Sarah: You can contact Steve Vair at svair@gogoair.com.
Donald Ham: Thank you. I will do that. I appreciate your time, and will now close the session.
Sarah: Thank you for choosing Gogo. Fly classy.
Sarah has disconnected.
At this point, Infrics.com themes have just merged. The initial effort was to use a tech advancement (inflight WiFi) to show the brave new tech world of stateless computing. But the "era of you" part of the future stepped right in and hijacked the dialogue. Gogo, for all the magic bringing the ability to go on Facebook while high in the air, does customer service like a company in 1999. "LOOK! We have live online chat!" At the point "Sarah" entered that gratuitous "fly classy" remark, she cost her company a fortune in lost good will and future business.
By thinking they will save money with level one customer support, and make unhappy customers go away by offering boilerplate responses, Gogo and many others fail to understand the growing expectations of consumers to be treated individually, and their (exponentially) growing power to share their experiences with the world. My conversation with Gogo is "United Breaks Guitars" writ small, but it reflects the same head-in-the sand business attitude.

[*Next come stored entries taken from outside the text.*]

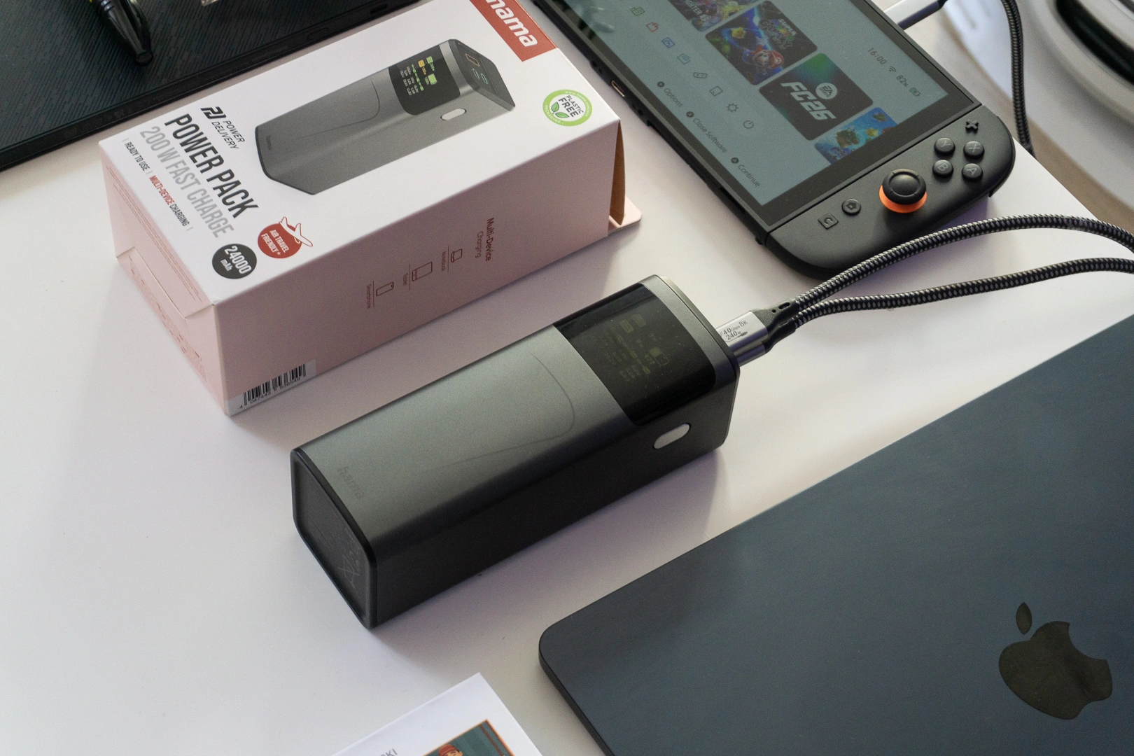 Hama High Power 200W bez problemu zasili takie urządzenia jak laptopy, tablety czy konsole do gier. Co więcej, z łączną mocą na poziomie 200W, powerbank może jednocześnie ładować najnowszego MacBooka Air, konsolę Nintendo Switcha 2 oraz zegarek Apple Watch Ultra 2, wszystko z maksymalną prędkością. No, klasyczny port USB 18W minimalnie spowalnia ładowarkę Watcha, ale mówimy o praktycznie maksymalnych parametrach.
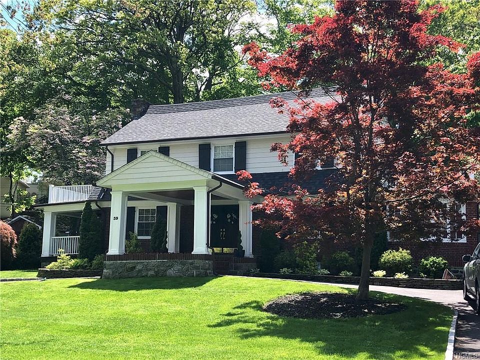 NO SHOW UNTIL 1/8/20 DUE TO WORKERS AT THE HOUSE. A/O Cont. to Show. Move right in to this Rochelle Heights Center Hall Colonial located in New Rochelle s historic district situated on a magnificent 1/2 acre. A circular drive with Portico leads to a bright front Entry with original HW floors leading to a large front-to-back LR w/custom millwork, a gorgeous stone Fpl and double French Doors leading to a covered Red Oak Porch perfect for afternoon tea! The DR w/coffered ceiling is open to an updated (2013) Kitchen w/Carrera marble island and Bosch appliances and off the kitchen a covered Patio! A 1/2 Bath and a Sunroom/Office with custom built-ins complete the flow. The 2nd fl features a spacious Master Bedroom, updated Master Bathroom and dressing room/closet, 2 Bedrooms and Hall Bath. The 3rd Fl offers a 4th Bedroom and Full Bath. The Lower Level has 966 sf (not included in sf) of additional space along with finished storage and laundry and 1/2 Bath. Minutes to Train and Town!
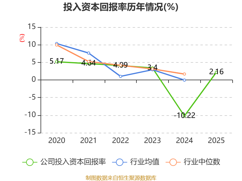 数据显示,2025年公司加权平均净资产收益率为2.4%,较上年同期上升38.59个百分点。公司2025年投入资本回报率为2.16%,较上年同期上升12.38个百分点。
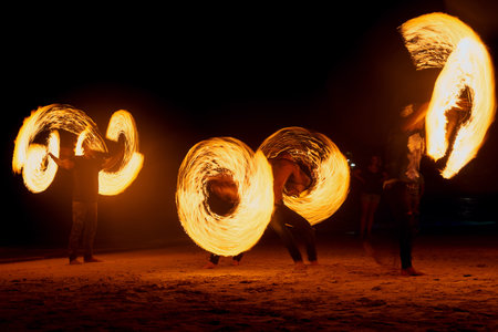 Amazing Fire Show at night on Khoa chang Island, Thailand

Remember, the youTube video about United's bad customer service has been viewed nearly 12 million times, and is estimated to have cost the airline one billion dollars in lost revenue and goodwill.
Like United, Gogo is far from alone. Soon I will write about my customer experience with Samsung could have gone wrong, but that had a better outcome. And I will share with you what svair@gogoair.com has to say. Here are the bullet points, takeaways from the collision of emerging tech social abilities with legacy service attitudes and marketing:
- Social business behavior needs to extend down to your lowest point of contact with your customers, or it's mostly worthless.
- A new "digital divide" is appearing, in which one class of tech-savvy customers knows how to create impact on your company through their social networks, and another is stuck with IVRs (Interactive Voice Response, the dreaded "listen carefully as options have changed" systems.)
- CRM (customer relationship management) must be pervasive, accurate, highly granular, and central to your dealings with customers. You have the power to know them as individuals, treat them as valued assets, and put them to work as your greatest marketing agents. If you fail, they can easily become your biggest enemy.
- Customer service is a field just begging for the implementation of AI (artificial intelligence) to replace level one support with a computer interface that is heuristic, has access to every customer interaction, and escalates quickly to the right live human. The day is coming--trust me on this--when you will far prefer a great experience talking with a computer intelligence to one with an entry level person with no power beyond looking up canned answers in a book.
- I still believe it's totally cool how pervasive internet access is already. But when it comes to airplane service, I sure hope Gogo learns to treat customers better. Or that they're put out of business by someone who does.